Work task -> Exclude images; transcribe the rest of the data exactly.

Available data ->

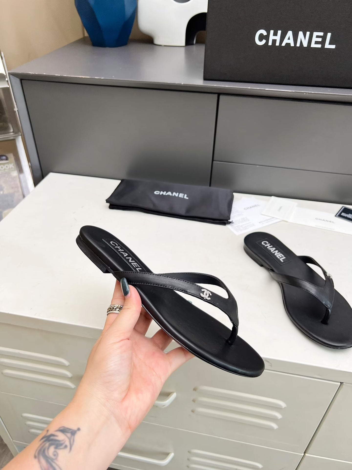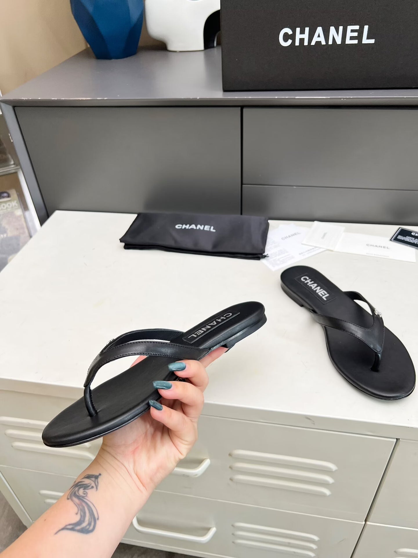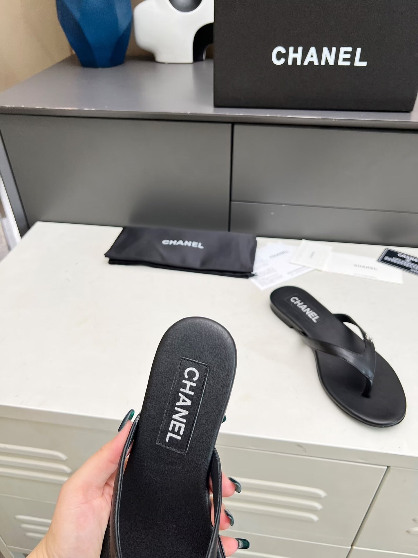 THONG SLIPPERS IN BLACK COWHIDE
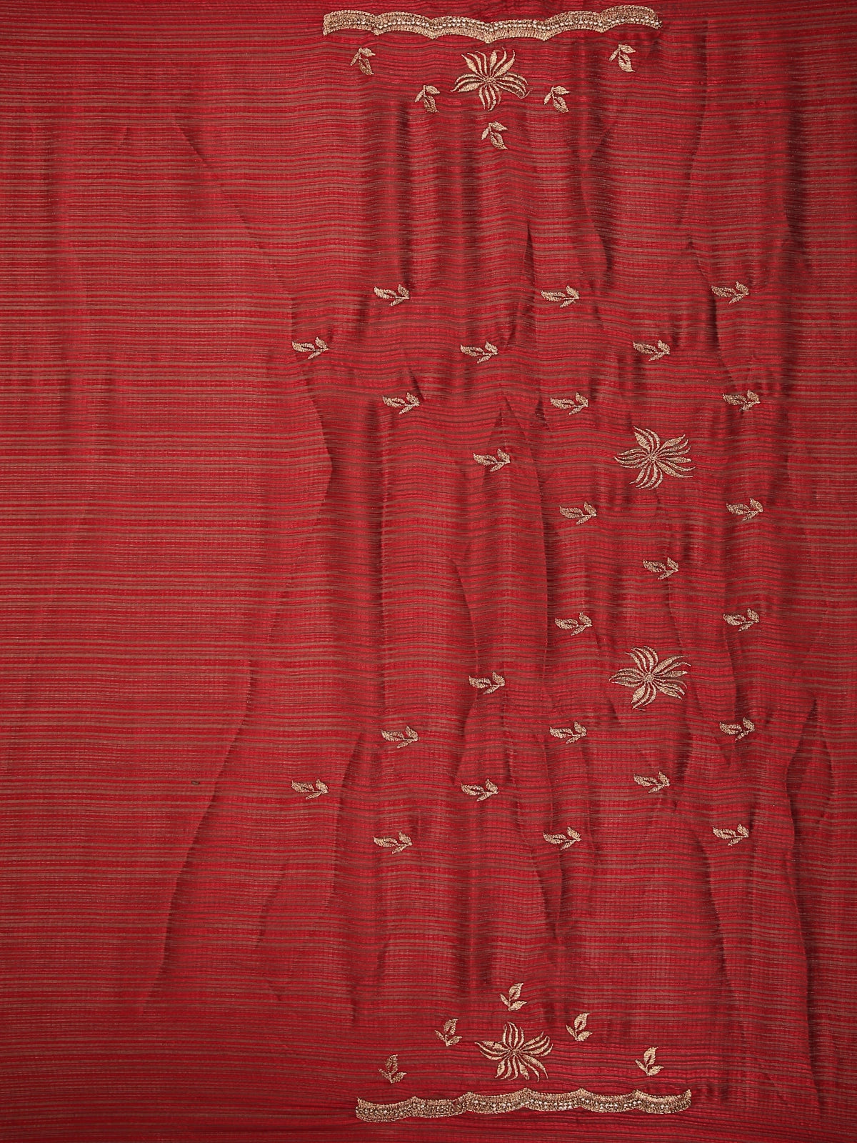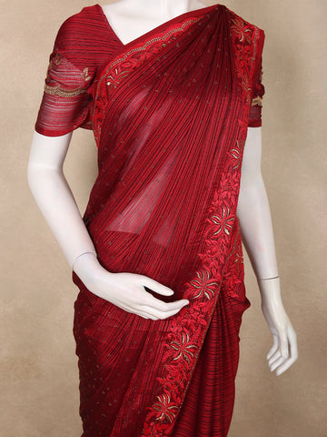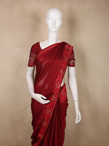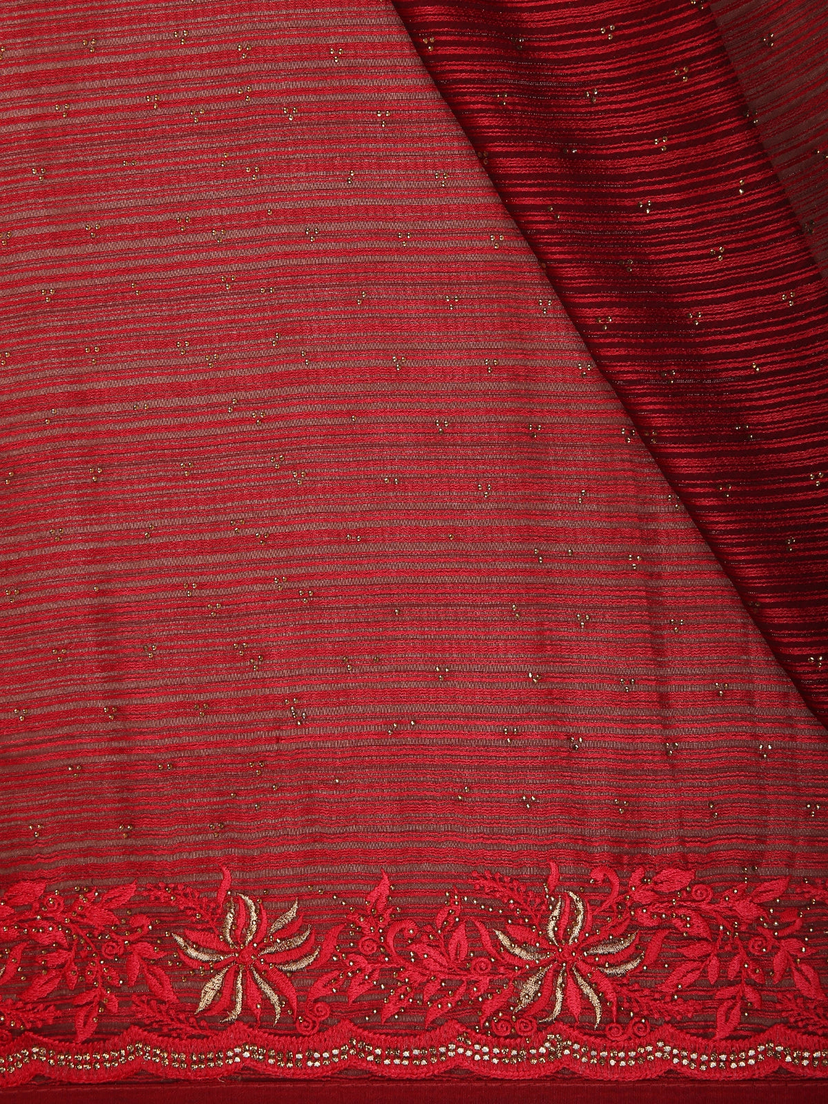 Deep Regal Crimson Red Stone Embellished Design Organza Saree
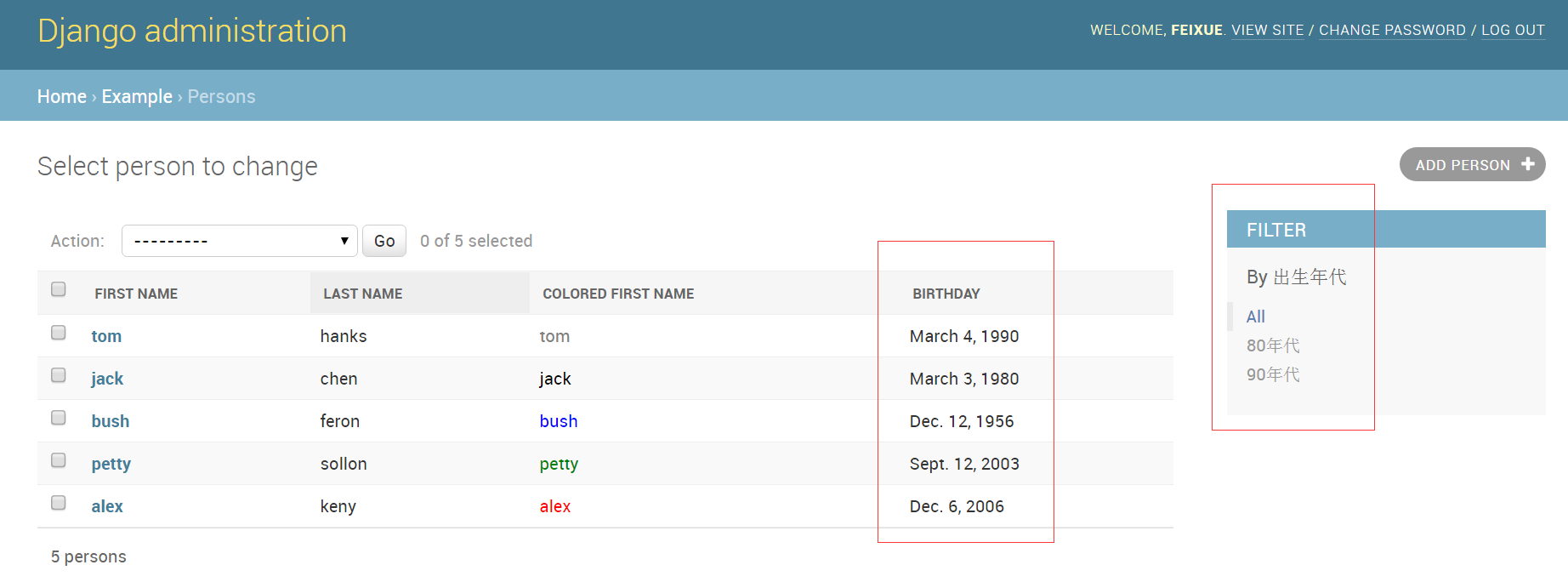 本来colored_first_name是不能排序的,给它的admin_order_field赋值first_name后,就依托first_name进行排序了。

Solution for this task ->
 THONG SLIPPERS IN BLACK COWHIDE
 Deep Regal Crimson Red Stone Embellished Design Organza Saree
 本来colored_first_name是不能排序的,给它的admin_order_field赋值first_name后,就依托first_name进行排序了。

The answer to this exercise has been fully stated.